Seeking the nearest neutron stars using a new local electron density map

TL;DR

This paper develops a new local electron density map to improve the distance estimates of nearby pulsars, potentially identifying neutron stars within tens of parsecs for fundamental physics tests.

Contribution

It introduces a local electron density map based on parallax measurements, refining pulsar distance estimates and identifying very-near candidate neutron stars.

Findings

Some pulsars previously estimated at 100-200 pc may be as close as tens of parsecs.

The new map suggests a need for parallax measurements of certain pulsars.

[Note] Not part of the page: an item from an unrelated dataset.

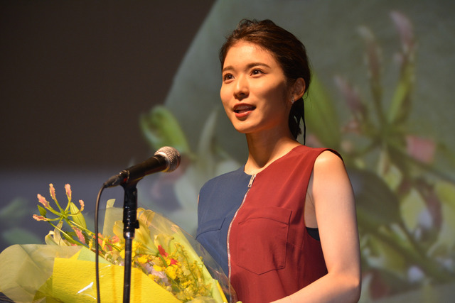 松岡茉優/第10回TAMA映画賞授賞式「2年前、最優秀新進女優賞をいただいてから一番の成長は、悔しいと思えたことです。それまでだったら感動していただけだったと思う。サクラさんに、いつか追いつきたい、追い越したいと思ったのは、ここで俳優として認めていただいたから。今回、自信と温かい気持ちと、心強い後押しで飛躍していくことを誓います。本当にありがとうございます」と深々と頭を下げた松岡さんは、この日一番の長く心のこもった拍手を観客から受けていた。
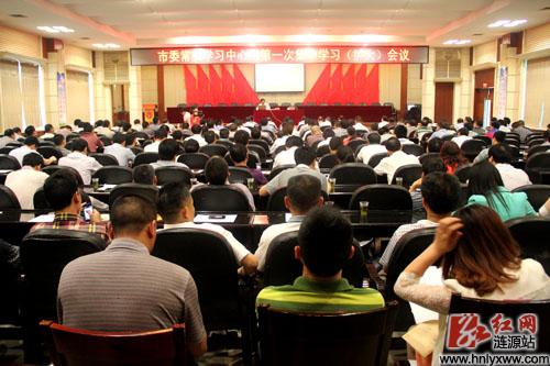 红网涟源站5月17日讯(分站记者 黄石)5月15日上午,涟源召开市委常委中心组第一次集中学习(扩大)会议,特邀省委党校常务副校长、管理学博士、博士生导师徐晨光教授作“实现民族复兴的中国梦”主题讲座,旨在认真学习贯彻习总书记的重要讲话精神,全面系统地解读“中国梦”的精神实质,为早日实现“中国梦”加油鼓劲。涟源市委书记曾益民主持会议,市领导宋建明、梅国华、贺顺清、朱桂良、肖更新、谢永东、梁小兵、马光明及在家市级领导、市直单位、乡镇办事处主要负责人共300余名党政领导聆听了讲座。

Upcoming telescopes can test neutron star heating mechanisms with these nearby objects.

Abstract

Neutron stars provide a compelling testing ground for gravity, nuclear dynamics, and physics beyond the Standard Model, and so it will be useful to locate the neutron stars nearest to Earth. To that end, we revisit pulsar distance estimates extracted from the dispersion measure of pulsar radio waves scattering on electrons. In particular, we create a new electron density map for the local kiloparsec by fitting to parallax measurements of the nearest pulsars, which complements existing maps that are fit on the Galactic scale. This ``near-Earth'' electron density map implies that pulsars previously estimated to be 100-200 pc away may be as close as tens of parsecs away, which motivates a parallax-based measurement campaign to follow-up on these very-near candidate pulsars. Such nearby neutron stars would be valuable laboratories for testing fundamental physics phenomena, including several late-stage neutron star heating mechanisms, using current and forthcoming telescopes. We illustrate this by estimating the sensitivities of the upcoming Extremely Large Telescope and Thirty Meter Telescope to neutron stars heated by dark matter capture.